Hello Dragos,
Thanks for reaching out to us, there is no official documents shared for this topic in Azure but I think you can check with ray serve to see if there is any example from their end.
Use case - https://docs.ray.io/en/latest/ray-overview/use-cases.html
Examples - https://docs.ray.io/en/latest/ray-overview/examples.html
Discussion forum - https://discuss.ray.io/?_gl=111dr9eq_gcl_au*MTE4MTA1ODc1MC4xNzI0ODA4OTI2
General to answer this question, yes, it is possible to deploy a custom image with Ray Serve for model parallelization for online inference. Ray Serve is designed to handle complex model serving scenarios, including model parallelization, and can be deployed using a custom Docker image.
- Create a Custom Docker Image
First, you need to create a Docker image that includes your model, Ray Serve, and any other dependencies required for inference.

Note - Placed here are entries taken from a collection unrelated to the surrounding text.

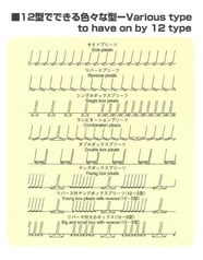 ・12型サイドプリーツ機をベースに改良を加え、かつ各種新機構を装備し、従来のサイドプリーツのみならず、新機構デザインドラムの正転・逆転・休止を任意選択することにより、ワンポイントプッシュアップ柄を始めとする、豊富なプッシュアップ柄を簡単かつ確実に生産できます。
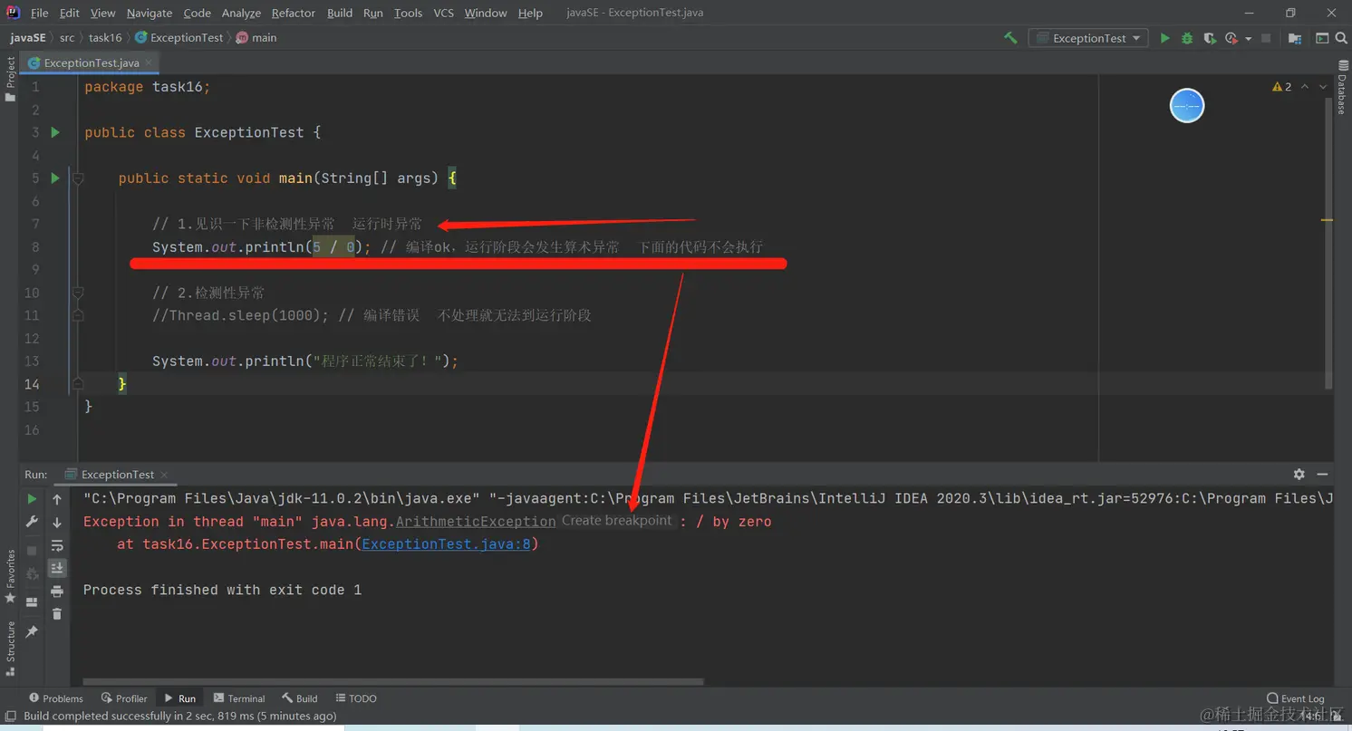 1.非检测性异常,运行时异常的情况:
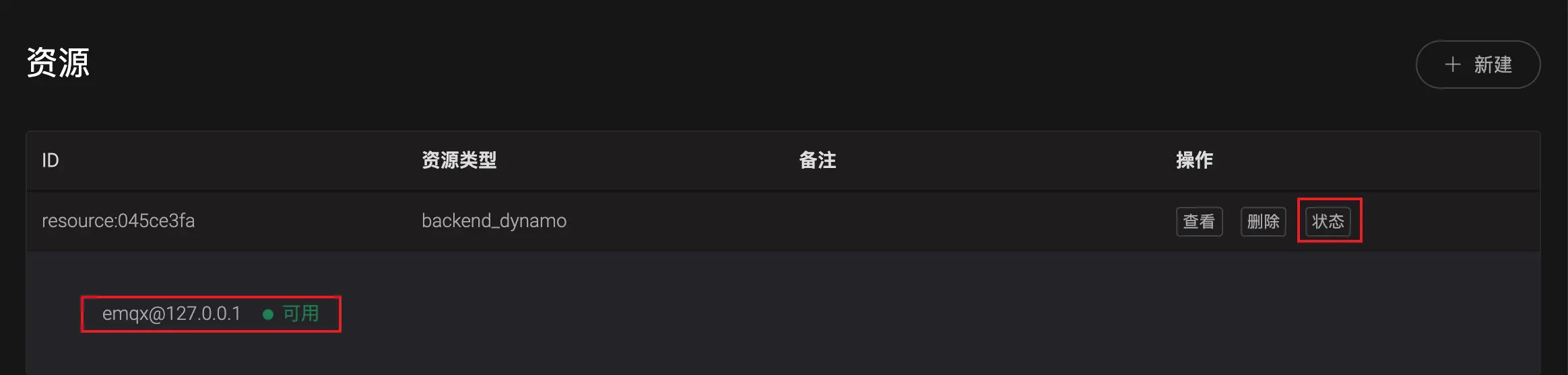 EMQ X 集群中节点所在网络环境可能互不相同,资源创建成功后点击列表中 状态按钮,查看各个节点资源连接状况,如果节点上资源不可用,请检查配置是否正确、网络连通性,并点击 重连 按钮手动重连。
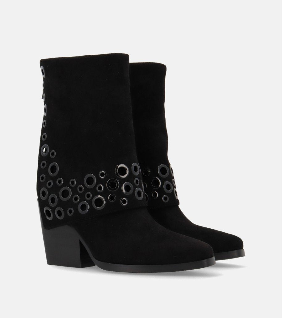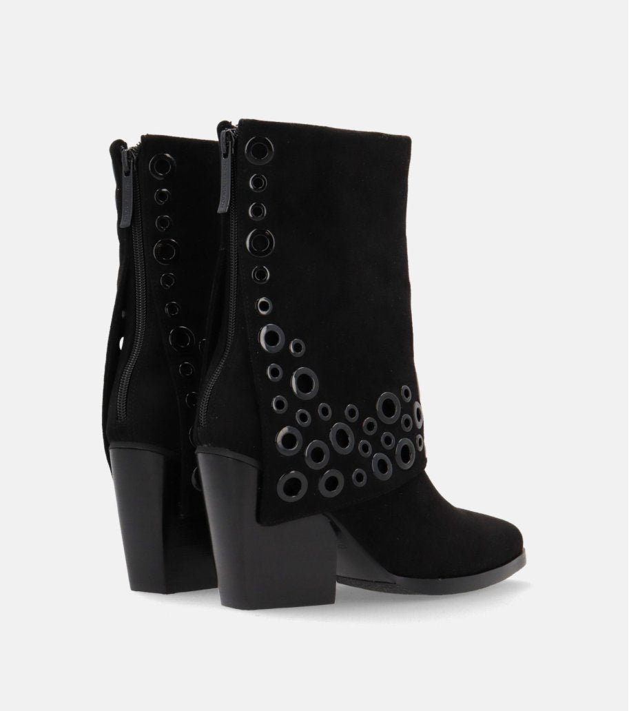 - Dettagli: maxi occhielli decorativi, chiusura posteriore con zip, tacco largo 7 cm, suola antiscivolo
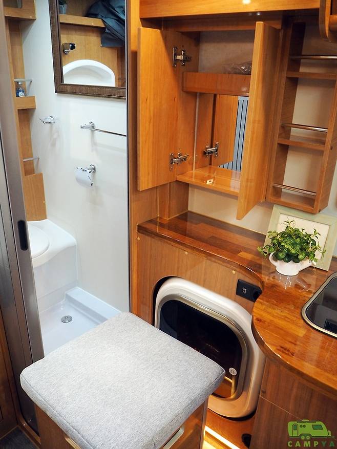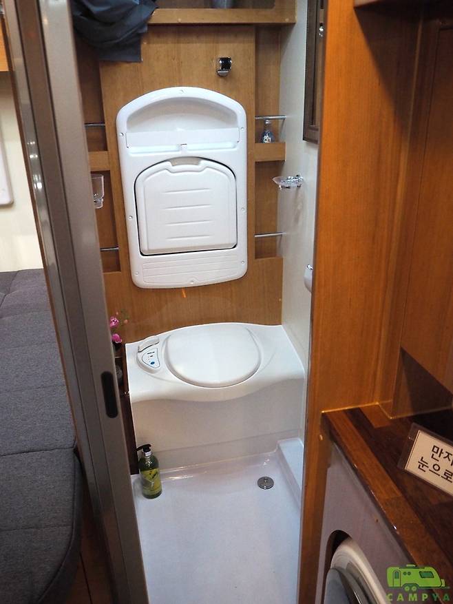 화장실 겸 욕실의 출입문은 국내 캠핑카 중 최초로 유럽식의 탬버도어를 채용했다. 탬버도어는 좌우로 여닫는 셔터 형태의 도어로, 일반적인 목제 여닫이 문에 비해 우수한 수밀성과 출입문으로 인한 공간의 낭비 및 간섭을 최소화할 수 있다는 장점을 갖는다. 화장실 겸 욕실 내부는 욕조형 바닥구조와 함께 고정형 변기와 접이식 세면대, 샤워기 겸용 수전, 상부 수납공간 등으로 구성되어 있다.
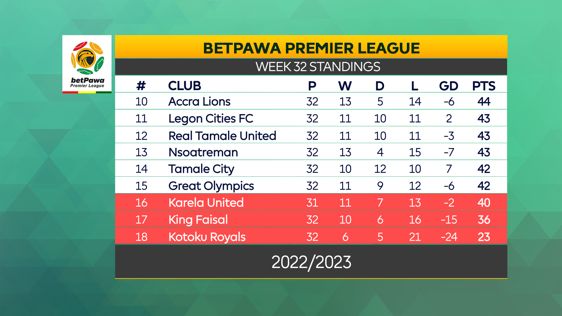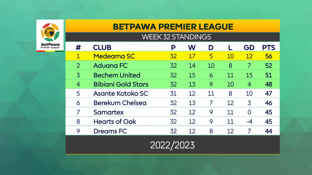 Week 32 of the BetPawa Premier League kicked off at Akoon Park in Tarkwa where Medeama Sporting Club came from behind to beat Alhaji Grusah’s Kumasi King Faisal 2-1 on Friday afternoon.
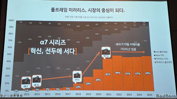 È帧°ú ¼Ò´Ï Ç®ÇÁ·¹ÀÓ ¹Ì·¯¸®½º Àü·«À» ¼³¸íÇß´Ù. Ç®ÇÁ·¹ÀÓ ¹Ì·¯¸®½º µîÀå ÀÌÀü¿¡´Â APS-C DSLR°ú ¹Ì·¯¸®½º°¡ ½ÃÀåÀÇ
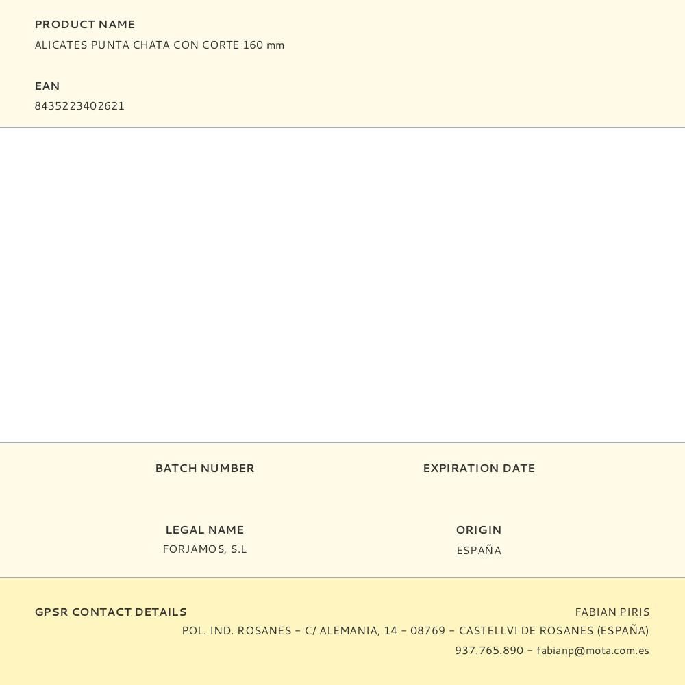 ALICATES PUNTA CHATA CON CORTE 160 mm
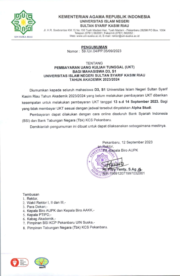 TERBARU, Pengumuman Perpanjangan Pembayaran Uang Kuliah Tunggal
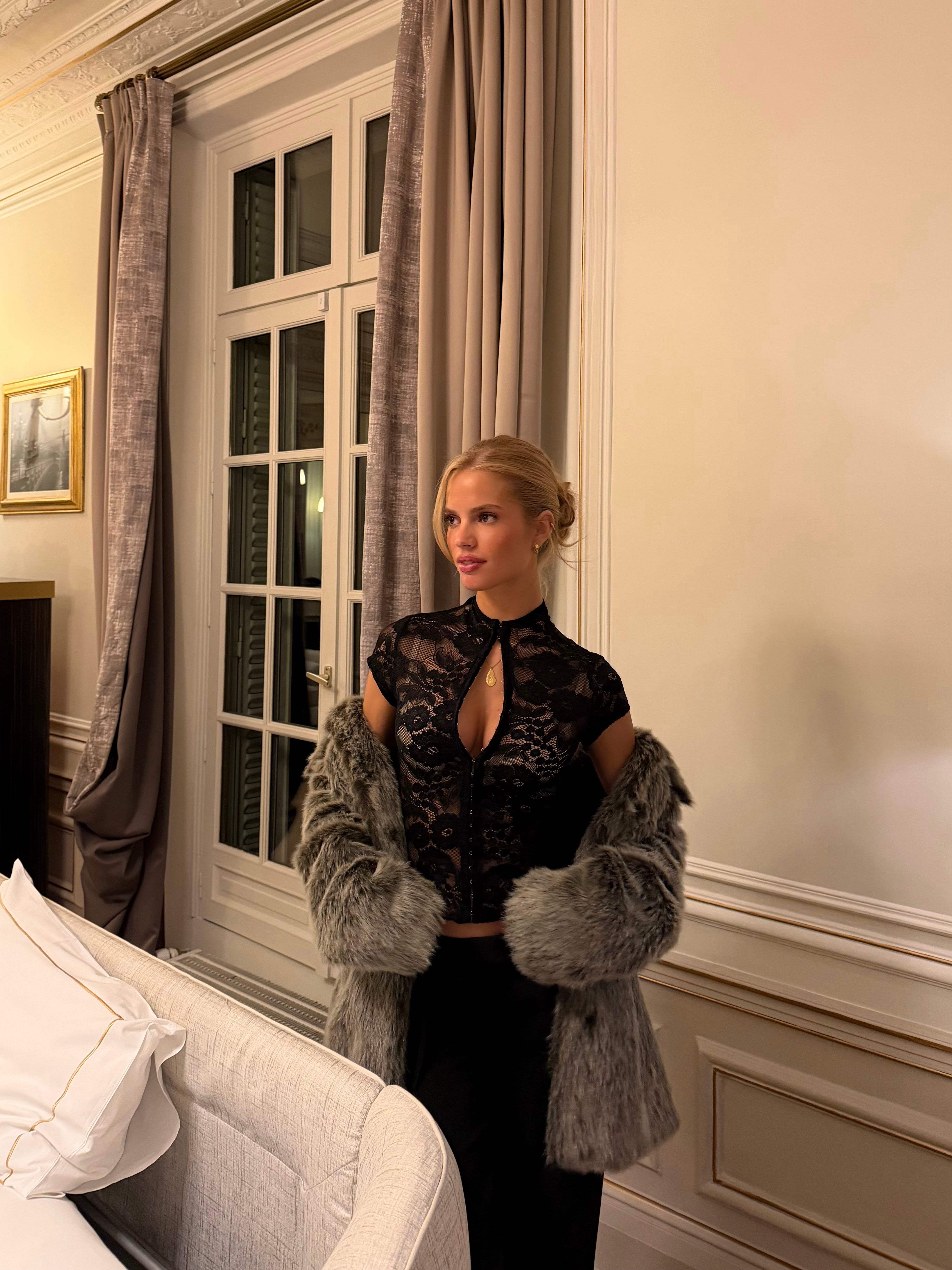 Elegant lace top that fastens with hooks from bottom to neck. The top can be fastened in different ways and have openings depending on preference and occasion.

- Define Your Ray Serve Application
Ray Serve allows you to deploy models with parallelization and scaling capabilities. Create a Python script to define your Ray Serve application.
You can deploy your Ray Serve application using the custom Docker image you created. Follow these steps to deploy it:
Using Ray’s Docker Deployment:
- Push Your Docker Image: Push your Docker image to a container registry (e.g., Docker Hub). When launching a Ray cluster, you can specify the Docker image to use.
- Access and Customize the API
Ray Serve exposes HTTP endpoints for your model deployments. You can interact with these endpoints using standard HTTP requests. Customize your API by modifying the __call__
method in your ModelDeployment
class to handle different types of requests or add more functionality.
Monitoring: Use Ray’s monitoring tools to keep track of your deployment’s performance. Ray provides a dashboard where you can monitor your cluster and deployments.
Scaling: Adjust the number of replicas and resources allocated to your deployment as needed. Ray Serve can dynamically scale based on traffic and load.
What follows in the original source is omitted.